March 6th, 2025
Students from Skyline High School in Oakland, CA visited Smith-Kettlewell to learn about applications and limitations of Artificial Intelligence (AI) for assistive technology. Students learned how to get a local multimodal AI running on their devices and use/extend its capabilities for assistive technology.
The day started with a short greeting and introduction by Dr. James Coughlan, the director of SKERI’s Rehabilitation Engineering Research Center on Blindness and Low Vision. Dr. Coughlan was followed by Dr. Nasif Zaman, who spoke more broadly about the need for universal and inclusive design that takes the needs of the users into account.

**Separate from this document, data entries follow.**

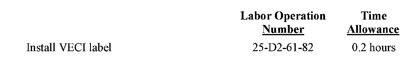If an owner's label is lost, or if dealers require more labels for inventory vehicles, additional VECI labels, PN 04578230AD, may be ordered as needed.
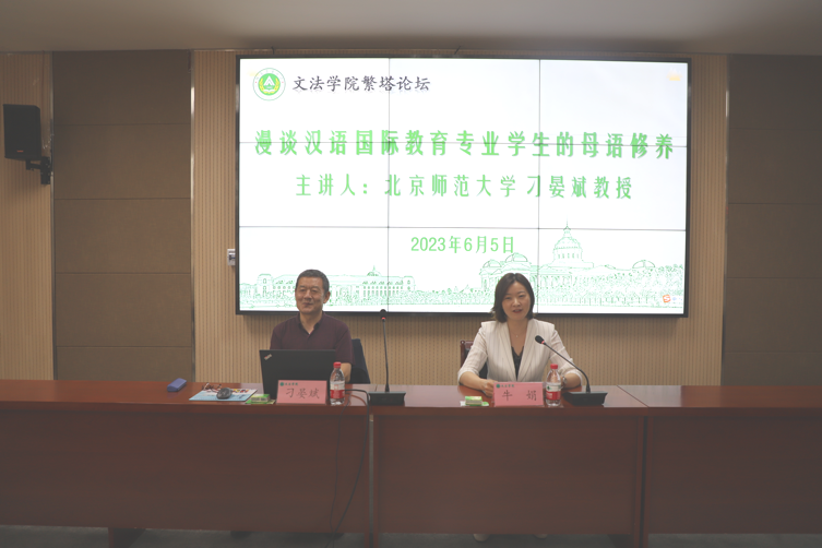 党委书记牛娟主持,汉语言文学系教师以及汉语国际教育专业全体学生参加报告会。
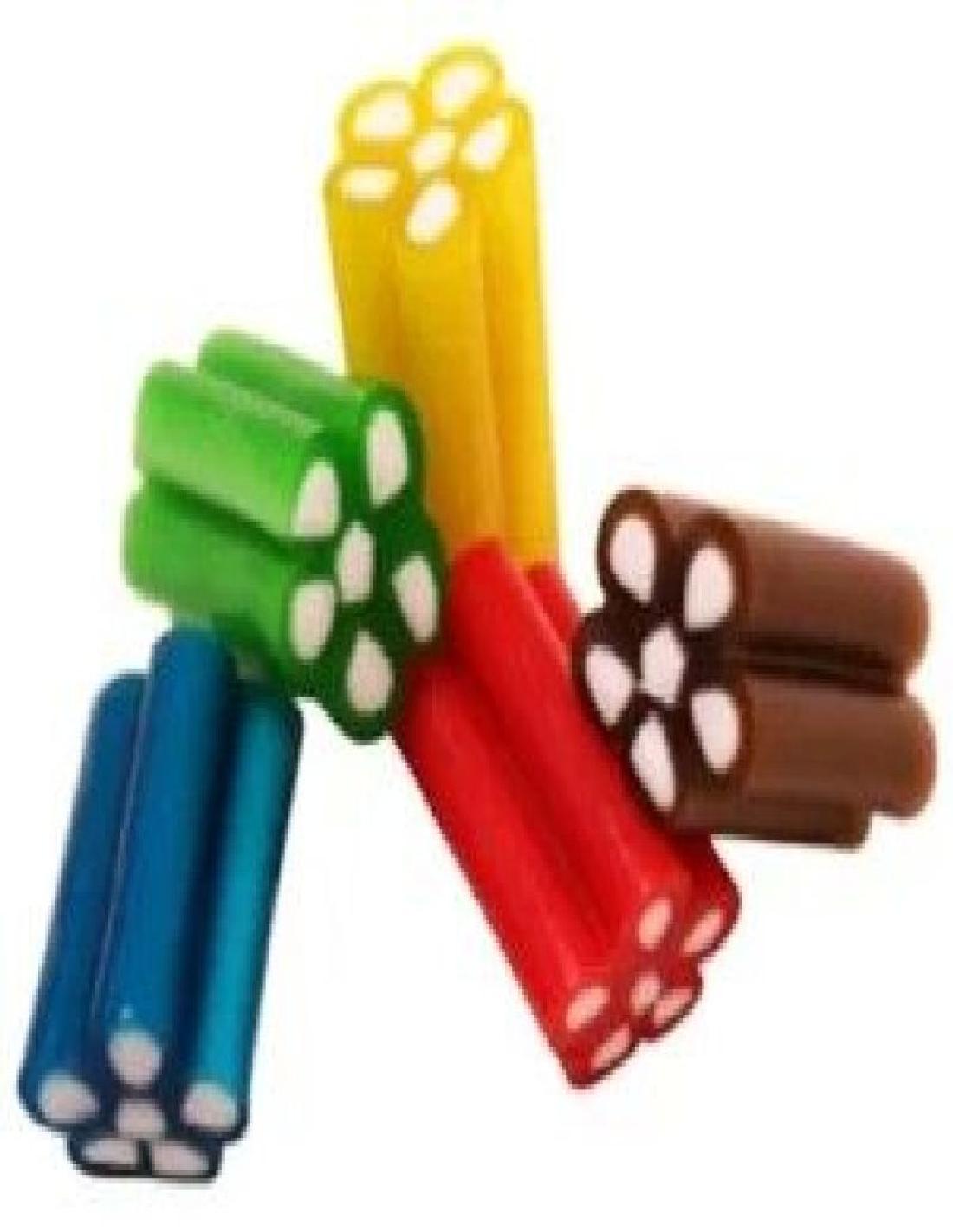 Jarabe de glucosa-fructosa, azúcar, agua, harina de trigo (gluten), almidón de maíz, dextrosa, acidulantes: E270, E296, E330, grasa de palma, gelatina, correctores de acidez E331, E325, aromas, sal, emulgente: E471, conservador: E202, colorantes: E100, E120, E133, E150d. Agentes de recubrimiento: E901, E903, E904.
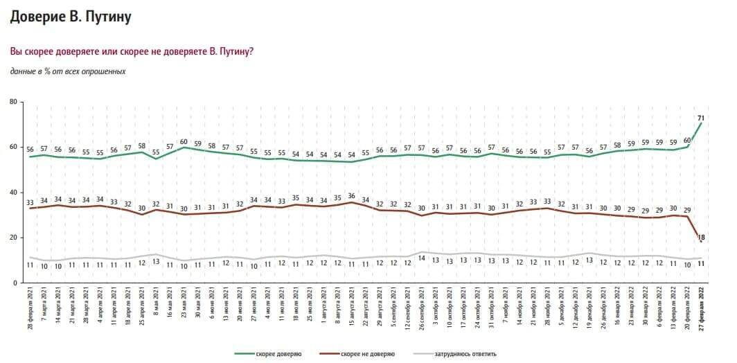 Уровень доверия россиян к Путину за неделю вырос с 60% до 71%, следует из опроса фонда «Общественное мнение»
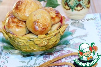 • Готовые шарики укладываем друг за дружкой на противень, застеленный бумагой для выпечки, предварительно смазав места соединения сырым яйцом.

He showed examples of features like optical character recognition, use of alternative text, and applications like Envision AI that allow blind users to interact with a broader range of features in the modern world.
Dr. Sile O’Mhodrain joined the girls virtually to give a keynote presentation to discuss her journey from the BBC to academia and the need for universal design in all aspects of technological advancement.

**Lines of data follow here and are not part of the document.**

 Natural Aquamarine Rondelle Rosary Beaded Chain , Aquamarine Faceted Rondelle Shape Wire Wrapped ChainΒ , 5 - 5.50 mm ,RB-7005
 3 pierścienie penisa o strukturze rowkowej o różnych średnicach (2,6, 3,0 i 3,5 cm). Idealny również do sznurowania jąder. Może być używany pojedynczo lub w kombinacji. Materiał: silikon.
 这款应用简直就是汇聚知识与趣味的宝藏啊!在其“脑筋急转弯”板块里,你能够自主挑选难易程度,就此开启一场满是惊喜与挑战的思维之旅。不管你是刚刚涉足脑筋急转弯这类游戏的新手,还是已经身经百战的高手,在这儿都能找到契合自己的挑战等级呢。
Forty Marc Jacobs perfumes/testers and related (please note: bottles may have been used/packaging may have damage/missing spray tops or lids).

These talks were followed by a hands-on portion of the visit where with the help of SKERI researchers, students interacted with vision language models to learn about the capabilities and limitations of current assistive AI implementations like Microsoft’s Seeing AI. Students had fun asking the AI model to draw and then describe a variety of objects. Using external camera capabilities for object detection, students identified the limitations of detection under varying conditions.
The event concluded with a short panel facilitated by Dr. Catherine Agathos about the joys, trials, and tribulations of the academic research career path and different ways SKERI scientists have joined this important enterprise.